No desenrolar do diálogo e das ações sucedem-se uns saltos temáticos que podem desconcertar numa primeira leitura. Da água ao matrimonio (concubinato), deste a uma consulta cultual; muda a cena com a saída de um personagem e a chegada de outros, e surge o tema agrário da colheita. Como se coordenam? Bebida e refeição são companheiras óbvias; do poço d’água ao matrimonio, o AT nos acostumou a transitar pela via do símbolo. Mais difícil é o salto ao culto e sobretudo à imagem agraria.

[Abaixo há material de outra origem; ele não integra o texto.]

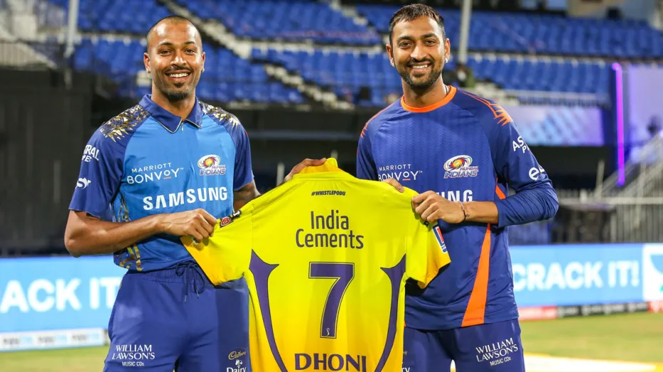 चेन्नई सुपर किंग्स और मुंबई इंडियंस के बीच शुक्रवार को आईपीएल 2020 का 41वां मुकाबला शारजाह क्रिकेट स्टेडियम में खेला गया। इस मैच में चेन्नई को मुंबई के हाथों 10 विकेट से करारी हार का सामना करना पड़ा। मैच के बाद सीएसके के कप्तान महेंद्र सिंह धोनी ने हार्दिक पांड्या और क्रुणाल पांड्या को अपनी 7 नंबर की पीली जर्सी गिफ्ट की।

Pois bem, coloquemos como pano de fundo o capitulo matrimonial de Os 2 (com apoio em outros textos de Oséias), e se justificará a construção de Jo 4, além de uma série de detalhes. Como o texto de Oséias é concentradamente simbólico, ao sobrepor-lhe o de João, este se torna simbólico ao quadrado. A “mulher samaritana” é como a Samaria personificada de Os 2: infiel ao marido Yhwh (Os 2,4.6), entregue aos ídolos amantes (2,7.9), pervertendo o culto (2,15), ameaçada de morrer de sede (2,5); mas cortejada a sós por Yhwh (2,16), reconciliada (2,17-18.21), de modo que começa um ciclo agrário (2,23-24) e a fecundidade da mulher.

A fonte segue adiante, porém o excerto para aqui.